Polskie MSZ: Banderyzm to składowa ukraińskiego patriotyzmu i heroicznej walki

Ministerstwo Spraw Zagranicznych udzieliło skandalicznej odpowiedzi na interpelację posła Roberta Winnckiego (Kukiz’15) dotyczącą rozwoju kultu banderowskiego na Ukrainie, w której podsekretarz stanu Katarzyna Kacperczyk usiłowała przekonać, że kult Bandery to tylko budowanie ukraińskiej tożsamości i patriotyzmu. O sprawie Robert Winnicki poinformował podczas specjalnie zwołanej konferencji w Sejmie.

 – Ta interpelacja związana była z promowaniem tego kultu, który honoruje morderców, ludobójców spod znaku OUN-UPA w szkolnictwie ukraińskim – mówił Winnicki i przytoczył obszerny fragment odpowiedzi, jakiej udzieliło polskie MSZ. Oto on:

Odnosząc się do pytania dot. przygotowanej w połowie ub.r. przez Ministerstwo Oświaty i Nauki Ukrainy „Koncepcji narodowo-patriotycznego wychowania dzieci i młodzieży”, należy wskazać, że we wspomnianym dokumencie, w kontekście znajomości historii i heroicznej walki narodu ukraińskiego o niepodległość, przywołane zostały obok pomarańczowej rewolucji i rewolucji godności także formacje OUN i UPA. W poszukiwaniu wzorów patriotyzmu Ministerstwo Oświaty i Nauki odwołuje się do istniejących – w niespełna 25-letniej historii niepodległej Ukrainy – przykładów patriotycznych postaw zdeterminowanych do obrony ukraińskiej niezależności. „Koncepcja” została przygotowana w czasie agresji Rosji na terytorium Ukrainy, zagrożenia niepodległości państwa i toczonych działań zbrojnych.

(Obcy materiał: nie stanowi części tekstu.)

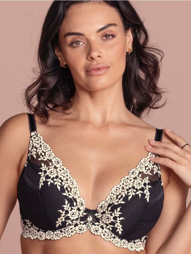 Lekker BH med bøyler og dyp skjæring (plunge), som gir en sexy utringning. 3/4 dels padding i cup som løfter og gir en rund fasong. Stretchye blonder er overlagt cup'ene og sørger for enkel tilpassing.
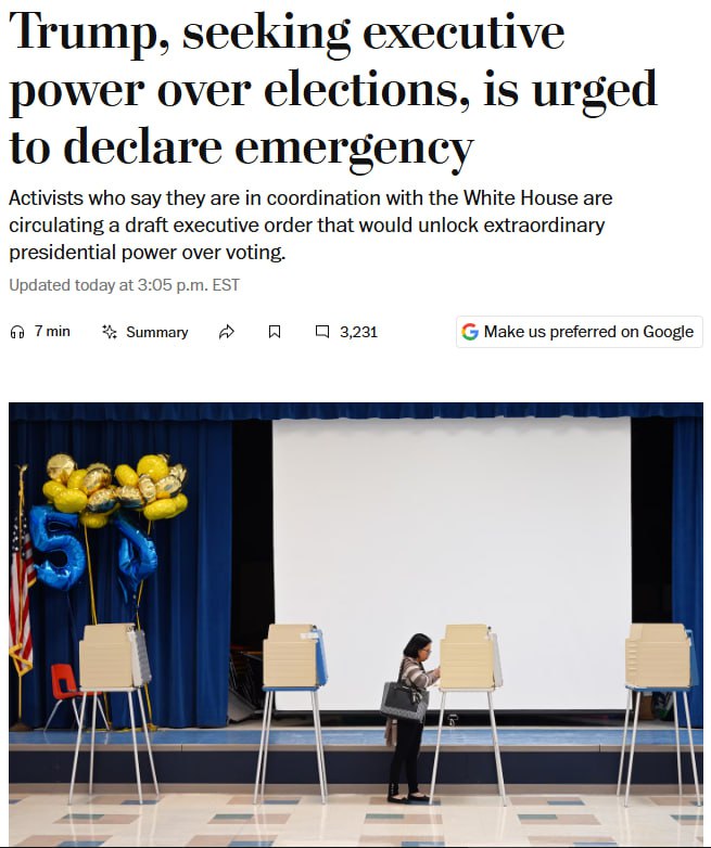 Видання пише, що активісти, які підтримують Трампа і стверджують, що діють у координації з Білим домом, поширюють 17-сторінковий проект виконавчого указу, в якому стверджується, що Китай втрутився у вибори 2020 року, що є підставою для оголошення надзвичайного стану в країні, яке відкриє президентові надзвичайні повноваження.

W takich okolicznościach nie można odmawiać Ukrainie prawa do odwoływania się do przykładów patriotycznych postaw ze stosunkowo krótkiej historii tego kraju.

– Cytowany fragment jest po prostu skandaliczny. Będę domagał się wyjaśnień, kto jest autorem tego pisma – zapowiedział Winnicki, podkreślając, iż polityczną odpowiedzialność ponosi za to Witold Waszczykowski. – Jeżeli w jego resorcie są urzędnicy, którzy deklarują, że nie można Ukrainie odmawiać prawa do tego, by kultem publicznym objęte były formacje, które dokonały ludobójstwa na Polakach w l. 40 na Kresach Wschodnich to jest to oczywiście totalny absurd. Absurd tym większy, że w oficjalnej propagandzie Ukraina jest naszym strategicznym partnerem, jest naszym najbliższym przyjacielem, mamy jak najbliższe relacje, a tymczasem Ministerstwo Spraw Zagranicznych nie reaguje na to, kiedy u strategicznego partnera, u przyjaciela rozwija się kult tych, którzy mordowali Polaków w sposób szczególnie bestialski – nie krył oburzenia.

Winnicki dodał, że jeżeli ma zostać przegłosowana uchwała o mordach na Kresach, to musi ona zawierać sformułowanie „ludobójstwo”, gdyż tego wymaga prawda historyczna i szacunek dla ofiar.

ANNA WIEJAK

Więcej postów

1 Komentarz

  1. jestem zaskoczony, ?e zgadzam si? z pos?em Kukiz 15. Najwy?szy czas mówi? o tym g?o?no. Rosjanom wypominamy 20 tys ?o?nierzy w Katyniu ale o 200 tys kobiet, dzieci i starców uparcie milczymy by nie urazi? “braci” Ukrai?ców

Komentowanie jest wyłączone.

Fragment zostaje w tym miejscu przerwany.